Comprehensive PR Review: CI/CD infrastructure and testing improvements
I tested the full suite locally (212 passed, 1 failed, 3 skipped) on Python 3.13.5 with NumPy 2.2. The one failure (test_opt_pch_reference) is a floating-point tolerance issue addressed in the inline comments below.
Overall this is a strong contribution that adds significant test infrastructure. The issues below range from bugs to minor style suggestions.
Summary of findings
Dependencies (2)
pytest-mockis missing fromrequirements-dev.txt-- multiple tests use themockerfixture and will fail on a clean installnp.trapezoidrequires NumPy >= 2.0, butrequirements.txtallowsnumpy>=1.24.0
Bugs in tests (3)
3. Several assertions compare column 6 (percent dried, 0-100 scale) against 0.95/0.99 instead of 95.0/99.0, making them trivially true (test_optimizer.py:268, test_opt_Pch_Tsh_coverage.py:487,508)
4. test_opt_pch_reference tolerance of 1e-6 hr is too tight for optimizer comparison -- fails on current code
5. test_higher_pressure_dries_faster in test_calculators.py computes time_low/time_high but never compares them
Bugs in scripts (1)
6. run_local_ci.sh: set -e makes the failure branch (lines 61-69) unreachable dead code
CI/CD improvements (4)
7. Redundant triple pip install in all CI workflows -- should be a single pip install -e ".[dev]"
8. Notebook tests excluded from PR CI but included in main-branch CI (tests.yml) -- a regression gap
9. Stale "PR #8" comment in pyomo test sections
10. run_local_ci.sh uses grep -oP (GNU-only; fails on macOS)
Code quality (5)
11. calc_knownRp.py should use constant.Torr_to_mTorr instead of hardcoded 1000.0
12. Duplicate Ineq_Constraints tests in both test_functions.py and test_coverage_gaps.py
13. Several copy-pasted docstrings that don't match the actual test (noted by @parkyr in prior review as well)

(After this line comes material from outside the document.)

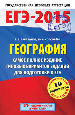 ЕГЭ-2015. География. 30 типовых вариантов экзаменационных работ для подготовки к ЕГЭЮлия Алексеевна СоловьеваВниманию школьников и абитуриентов впервые предлагается пособие для подготовки к ЕГЭ, которое содерж…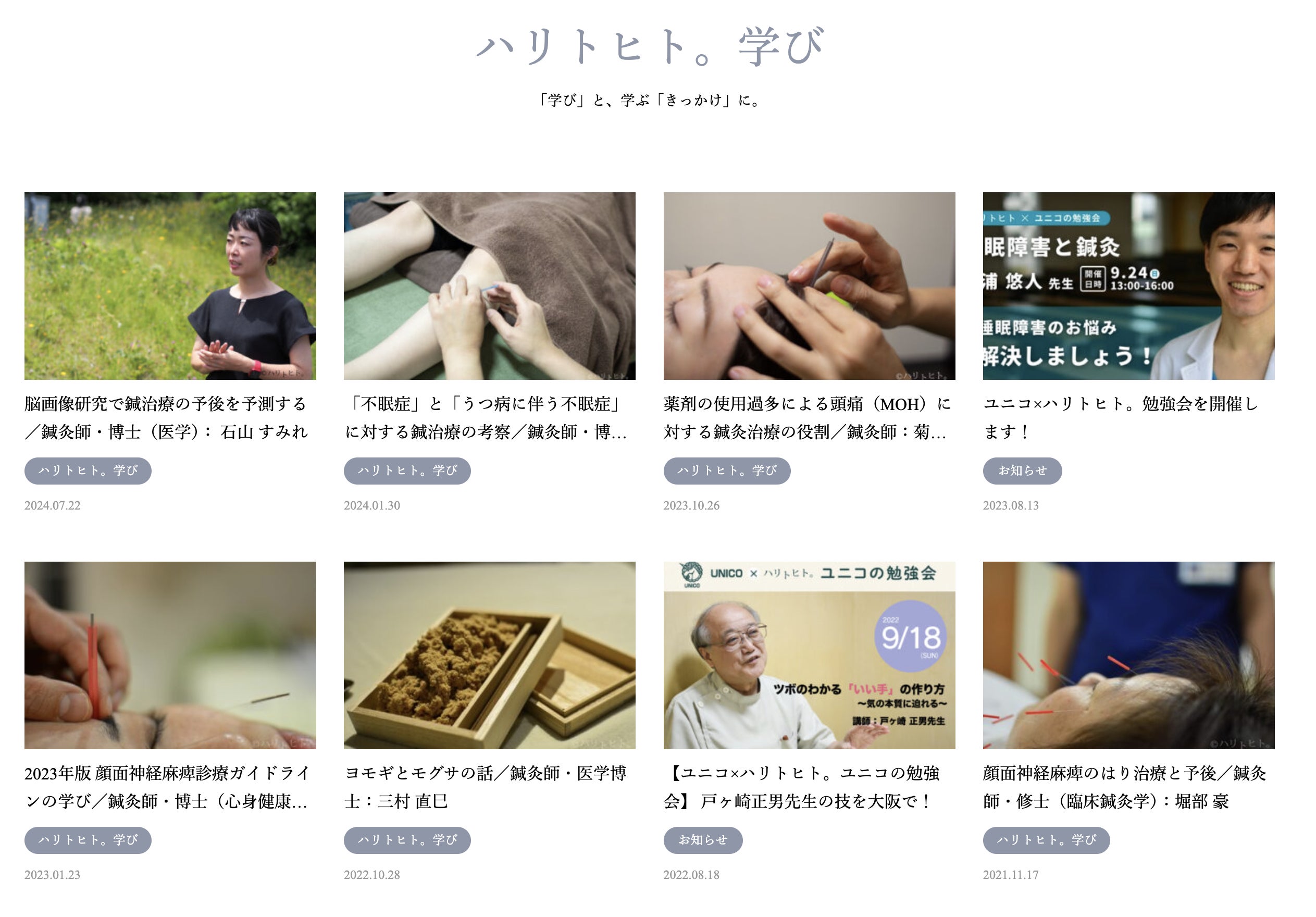 ハリトヒト。は購読無料のwebメディアです。運営は、鍼灸師を中心とした有志がおこなっています。アクセスをしていただければ、鍼灸業界のヒトたちのチャーミングで味わい深い、実体験に基づいたインタビューが並んでいます。加えて、鍼灸師の学びにつながる学術的な記事も人気のコンテンツになっています。

14. Relative paths for test data files (fragile when running from non-root directories; conftest.py already provides a reference_data_path fixture)
15. pytest.ini minversion = 3.8 is too low -- should match pytest>=7.4.0 from requirements-dev.txt
16. Leftover debug print statement in test_functions.py line 502 -- should be removed
See inline comments for details.
bernalde
left a comment
There was a problem hiding this comment.
Review Summary
I ran the full test suite (excluding notebook and pyomo markers) in the lyopronto conda environment with Python 3.13: 213 passed, 3 skipped, 0 failures — consistent with the PR description. However, several test assertions are vacuously true and would not catch real regressions (details in inline comments).
Source bugfixes assessment
calc_knownRp.py:66— mTorr conversion: Correct fix. The early-return path was missing the Torr→mTorr multiplication that the normal output path applies viaPch * constant.Torr_to_mTorrincalc_step(functions.py:389).functions.py—RampInterpolatordt_setpt indexing: Correct fix. Thehas_init/dt_idxlogic properly distinguishes the init vs. no-init paths, and clampingholdtimeto 0 is better than the previousramptime > holdtimecheck.functions.py—fill_outputindexing: Correct fix.interp_points[mask, :][0]correctly selects the first matching row.opt_Pch_Tsh.pyandopt_Tsh.py: Comment-style changes only. No functional change.
High-priority items
| Priority | File | Issue |
|---|---|---|
| Bug | test_regression.py |
>= 0.99 on percent column (0-100 scale) should be >= 99.0 |
| Config | pytest.ini + pyproject.toml |
Dual pytest config; pytest.ini silently overrides pyproject.toml |
| CI | All workflows | Triple pip install should be one pip install -e '.[dev]' |
| Bug | test_opt_Pch.py:68 |
Equipment capability formula inconsistent with test_opt_Pch_coverage.py:180 |
| Tests | test_optimizer.py / test_opt_Tsh.py |
Near-identical duplicate files |
Issues outside diff context (cannot attach inline)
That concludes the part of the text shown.